Ilan has her revenge by bedding an employee, played by the ubiquitous Evan Stone. Evan Stone’s IMDB credits show 784 films in the past 12 years so it must be official – if there’s going to be sex in a movie Evan Stone has to be in it. If you’re making sex tapes at home and Evan Stone is not in them you may be violating some kind of adult film industry law. Better be careful.
This isn’t a complaint – I like Evan Stone, but I thought “Surely if he’s in one Tiger parody he can’t be in the other, too. Isn’t that a conflict?”
Obviously not because – TADA! - Stone appears in “Tiger’s Got Wood” as a security camera installer hired Tiger’s wife Elaine Norwegian Wood.
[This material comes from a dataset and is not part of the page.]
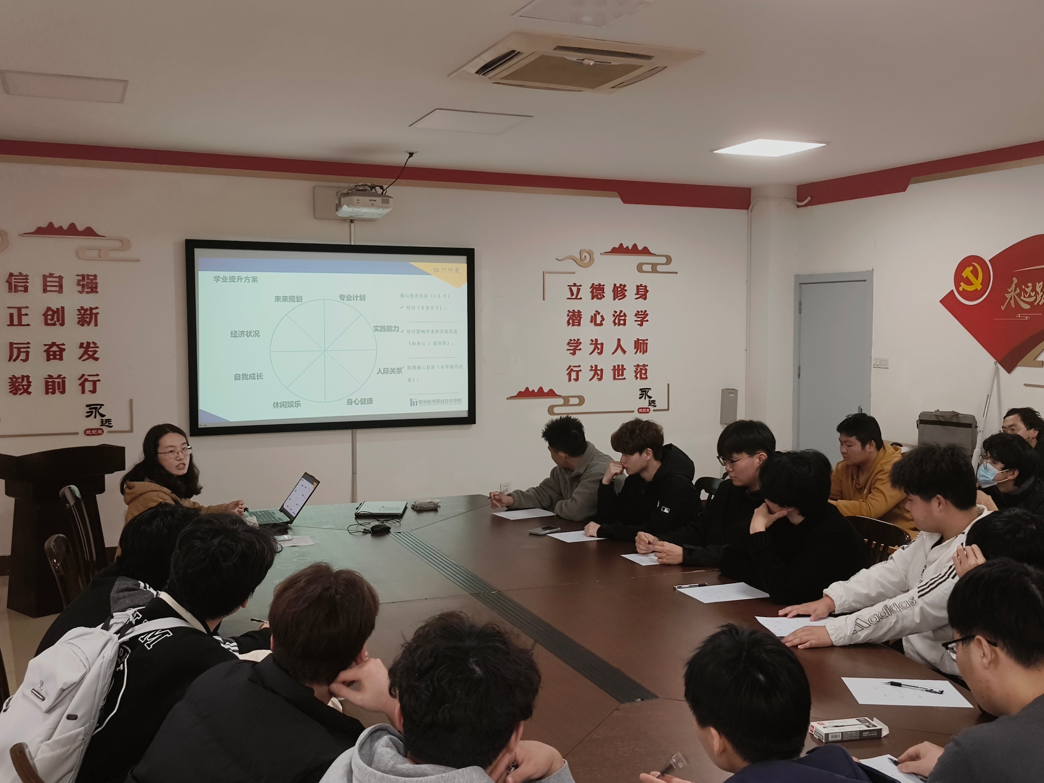 在实践互动环节中,辅导员陶宇佳引导学生围绕专业学习、身心规划等维度绘制学业生涯规划平衡轮,分析自身不足与改进方向,并制定本学期短期学习目标。

'Tiger' was more deft in it's handling of the comedy and it paid off, like the newscasters speculating about the athlete's financial future and saying, “The only endorsement deal he’ll ever get is from a condom factory.” It seemed for a second like they’re going to MST3K the actual sex scenes this way and I liked the comedy enough that I kind of wish they had.
So I paid more attention to the screwy part than the screwing part, but I will say about the sex in both films that I was kind of jealous that I wasn’t having it (which might say more about me than the films). ‘Tiger’ boasted a noteworthy positioning scene, missionary but with the man facing the woman's feet (the fourth stage in the "Turning Position" in the Kama Sutra) There's something new for you to try and just in time for Valentine's Day, huh?
Finally, on a personal note, while I was writing this there was a cat in heat howling outside my window. I do believe she was peeking through the blinds.